Biondo Flavio's Italia Illustrata

Text, Translation and Commentary, Volume 2: Central and Southern Italy

By Catherine J. Castner

Subjects: History, European History
Imprint: Distribution Partners
Paperback : 9781586842550, 421 pages, January 2005
Paperback : 9781586842789, 504 pages, August 2011

An English translation of Biondo Flavio’s Italia Illustrata, with commentary.

Description

In 1447 Alfonso of Aragon, King of Naples, engaged the humanist antiquarian Biondo Flavio to compose in Latin a catalogue of famous men of Italy. This commission became Italia Illustrata, the first historical topography. In it, Biondo superimposed upon Italy's classical heritage and her troubled medieval history a panorama of Italy in his own time. Although Italia Illustrata and three other major Latin treatises made Biondo's reputation as the father of modern historiography and archaeology, these works have been accessible only in early modern printed editions to specialists with entrée to rare book rooms.

In 2005, Catherine J. Castner made available in the first volume of this work Biondo's Latin description of the regions of northern Italy, accompanied by English translation and detailed commentary. The present volume completes the regions of Italy in Biondo's treatise.
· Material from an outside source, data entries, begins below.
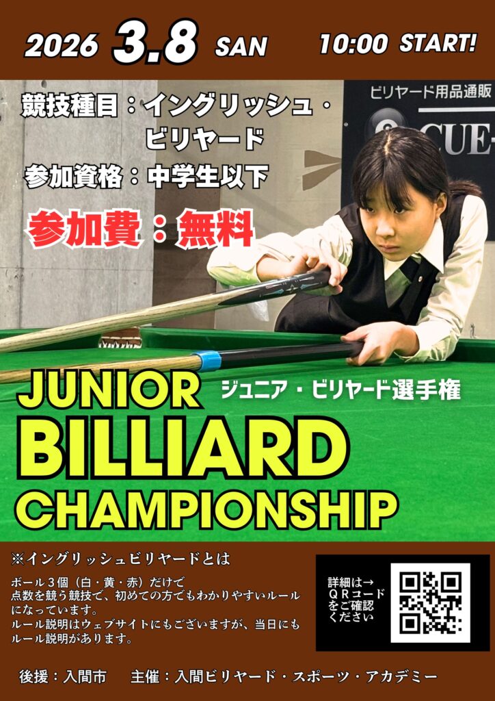 | 会場 | 入間ビリヤード・スポーツ・アカデミー |
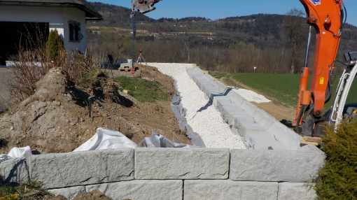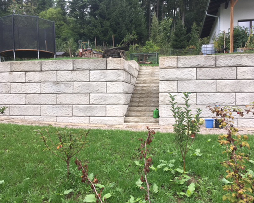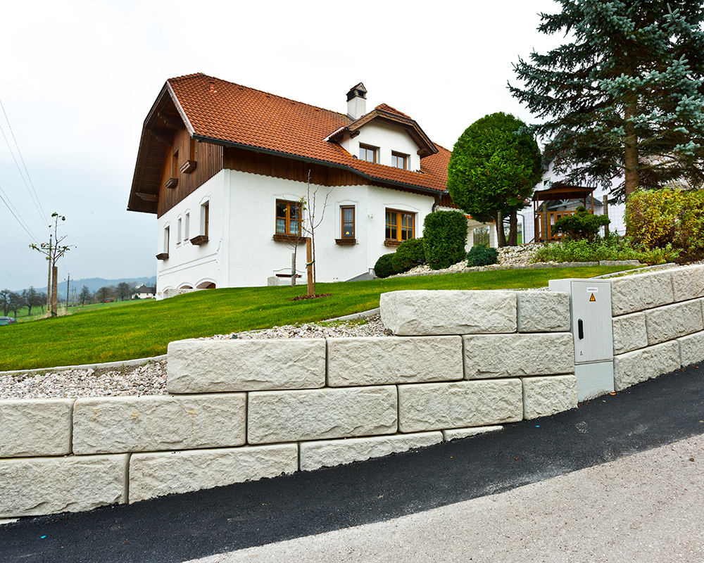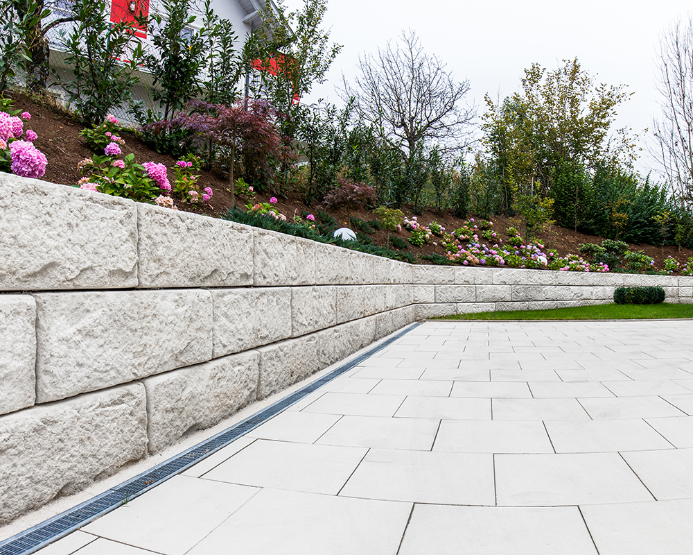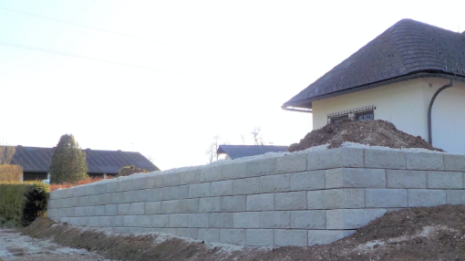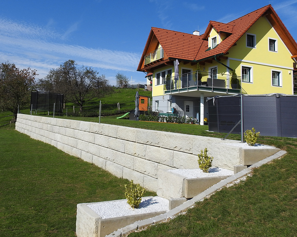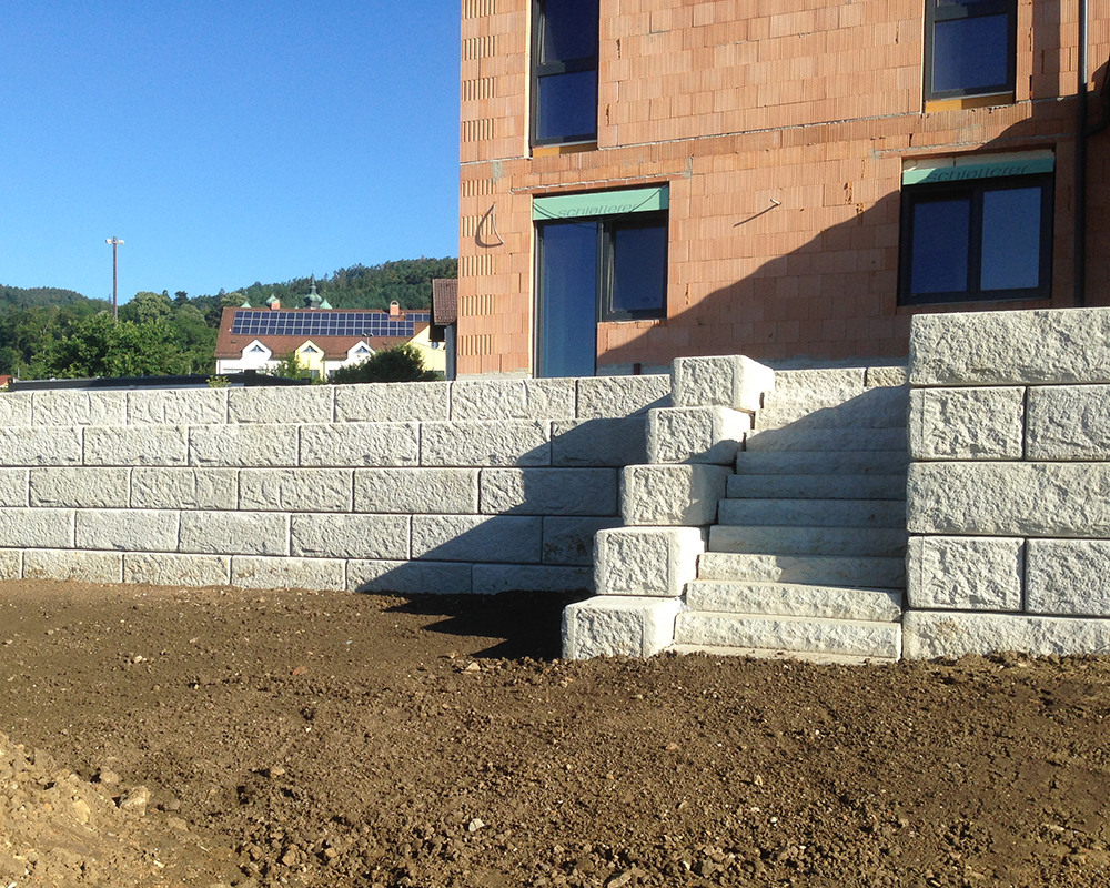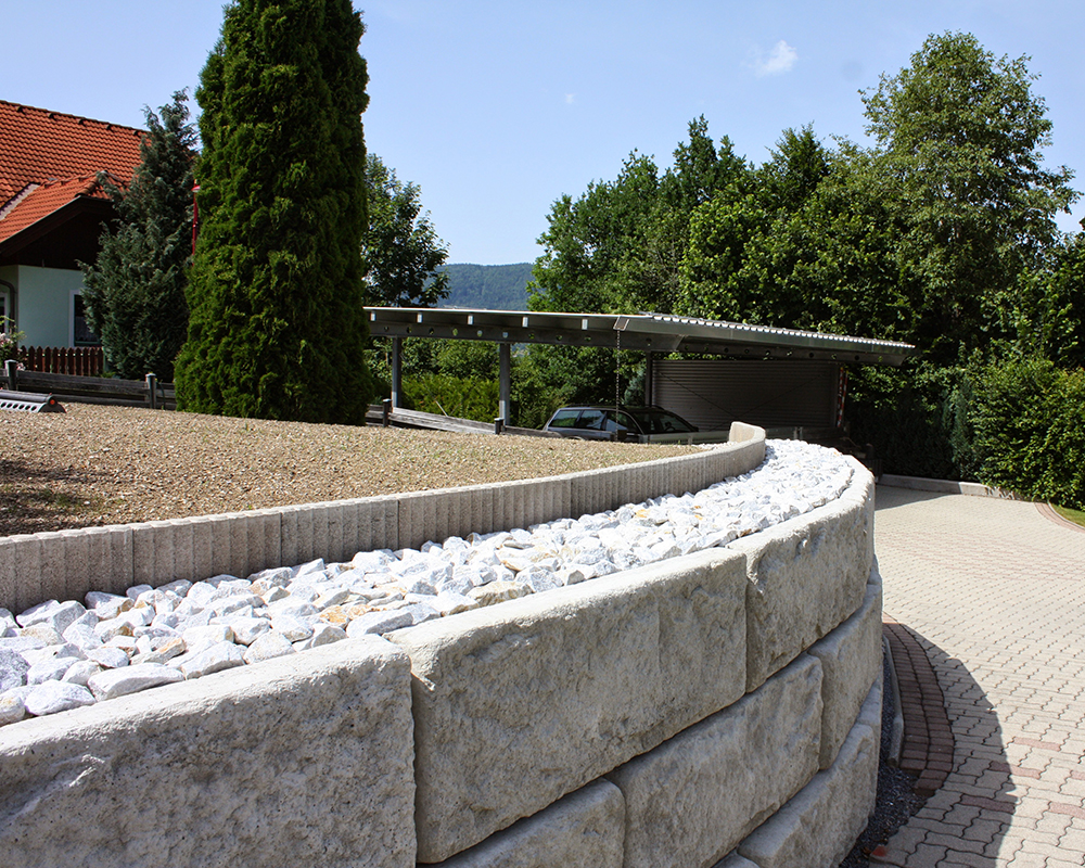 Optisch eine massive Granitblockmauer, technisch ein raffiniertes Stützwandsystem aus Beton - ideal zur Hangsicherung.
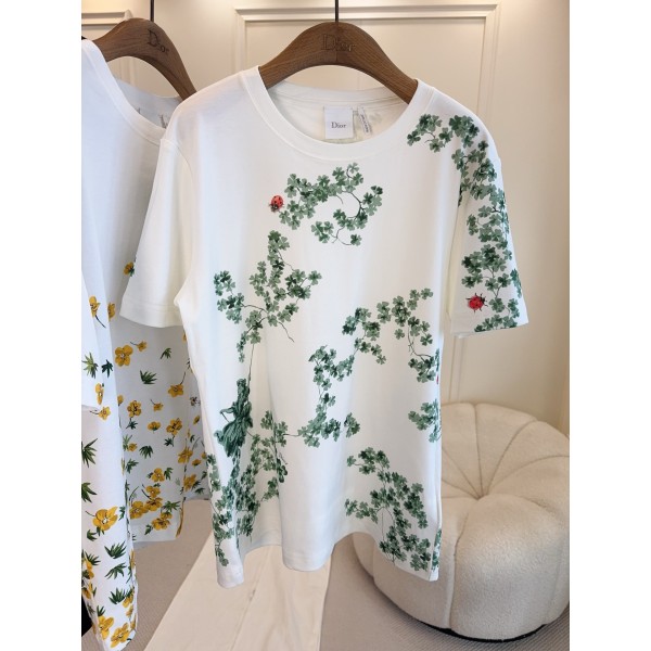 Dior 2026 이른 봄 신상 네잎 클로버 프린트 반팔 티셔츠 부드러운 면 소재, 편안하고 통기성 있는 착용감 그린 클로버 + 레드 무당벌레 프린트로 상큼하고 내추럴한 봄여름 분위기 물씬 데님 팬츠나 스커트와 매치하여 스타일리쉬하게 연출가능한 봄여름 코디 포인트 아이템
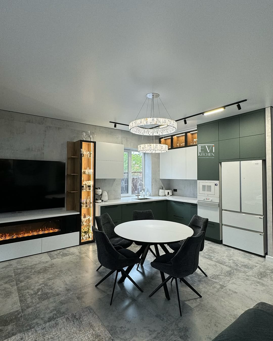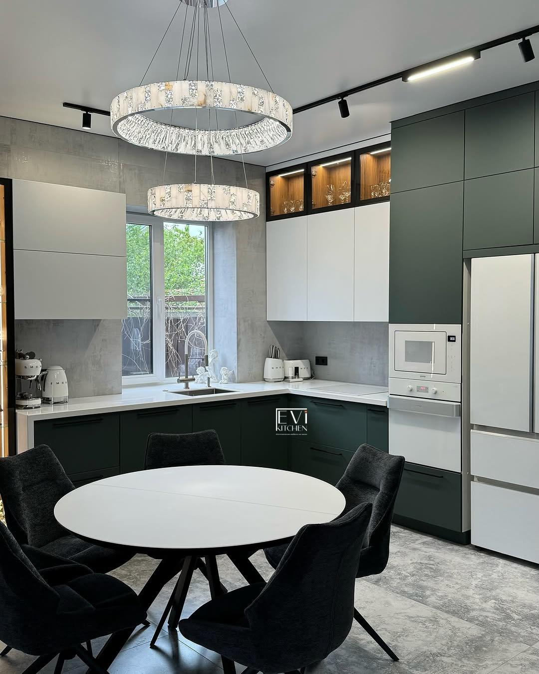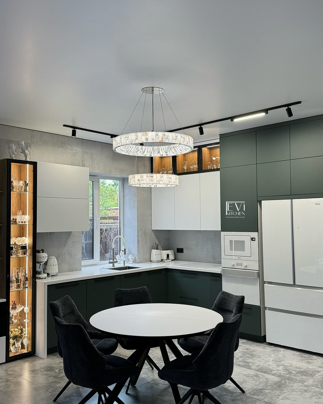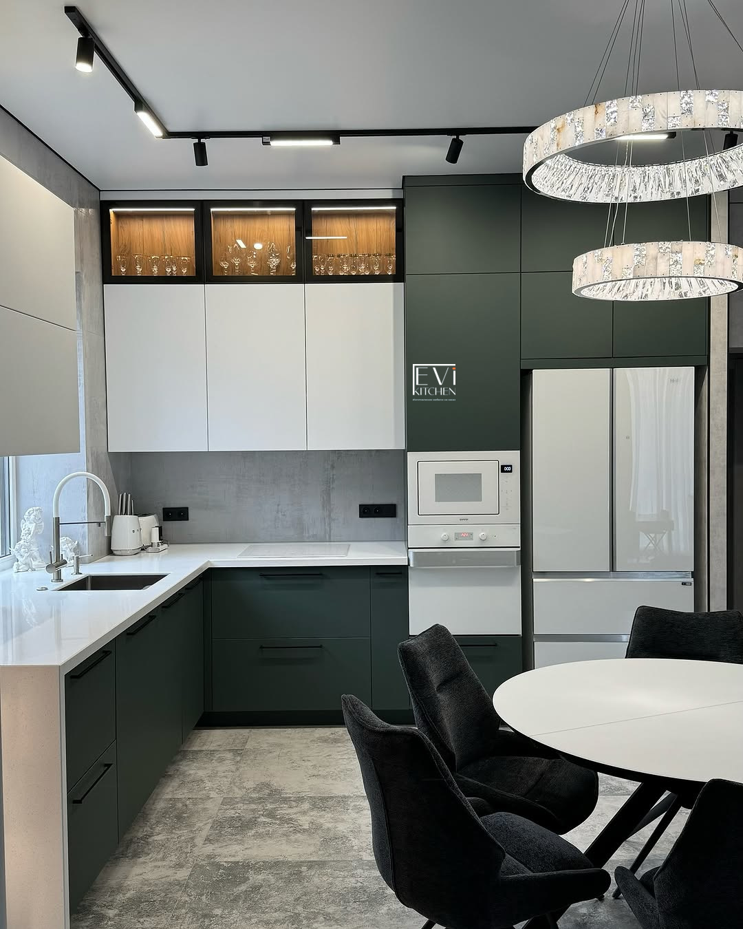 Фурнитура Boyard EVO и скрытые выкатные механизмы обеспечивают плавную работу. Кухня дополнена чёрной стальной мойкой, смесителем и подсветкой витрины для атмосферного акцента.
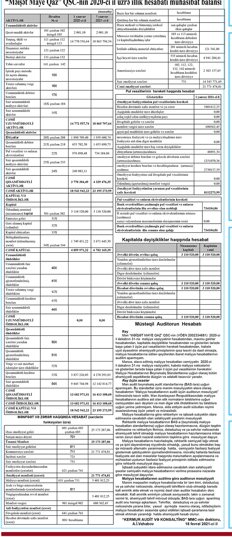 Marja şirkətin maliyyə hesabatlarına istinadən xəbər verir ki, 2020-ci ildə “Məişət Maye Qaz” şirkətinin gəlirləri 25 milyon 173 min manat, cəmi xərcləri 21 milyon 771 min manat, əməliyyat mənfəəti 3 milyon 402 min manat, ödənilmiş mənfəət vergisi 680 min manat təşkil edib.
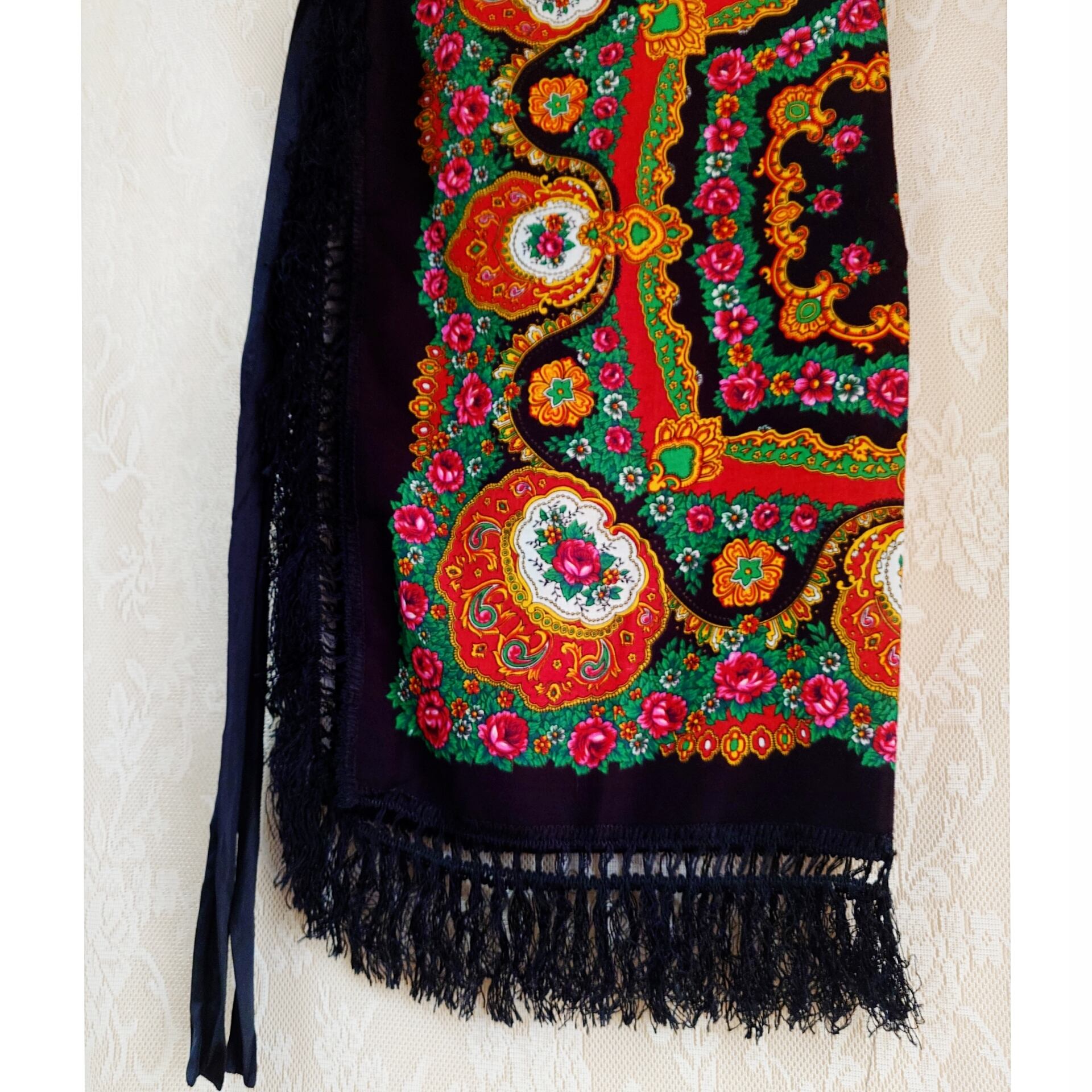 黒地に映える花柄と、雰囲気のあるフリンジの組み合わせが凄くおしゃれです。
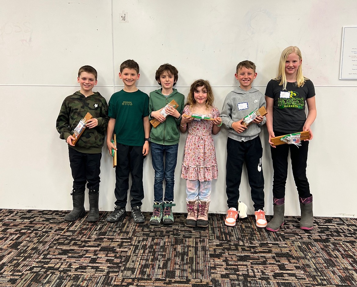 Pictured from the right are the winners, first place from Hedges School are Bella Dagle and Cade Hofeldt, second place from Peterson School are Adeline Horne and Walter Alberton, and third place from Stillwater Christian School are Crue Basler and Cole Beard.
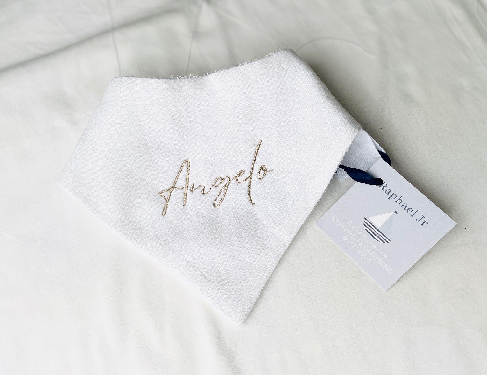 optional 100% linen front and soft fleece reverse, snap closure, bandana style bib to match the linen suits and bow ties. Protect your outfit from dribble and spills during the special event!
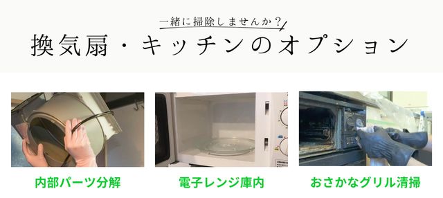 レンジフードについた油汚れ、カビなどをしっかりと洗い落とします。

Italia Illustrata provides important evidence for Italian geography and political history, the intellectual history of the fifteenth century, and the reception of classical antiquity in the Renaissance. This second volume continues attention to Biondo's direct observation of sites as he describes the towns and cities of central and southern Italy, correlating ancient Roman places with their contemporary counterparts. Along the way, notices of their famous men include early appraisals of important cultural figures, for example appreciations of Leon Battista Alberti and Donatello. Historians of classical archaeology will be interested in Biondo's narrations of antiquarian investigations: his location of the site of Horace's Sabine farm, and his patron Prospero cardinal Colonna's attempt to reclaim an imperial Roman ship from Lake Nemi. Although Biondo left the southern regions unfinished, he provides a substantial presentation of the history of the kingdom of Naples culminating in the triumph of King Alfonso, and eyewitness observation of ancient Roman sites in the Campi Flegrei, evocative for early humanists and Renaissance notables, who considered them second only to the ruins of Rome.

Cathering J. Castner is Professor of Classics in the Department of Languages, Literatures, and Cultures at the University of South Carolina, Columbia.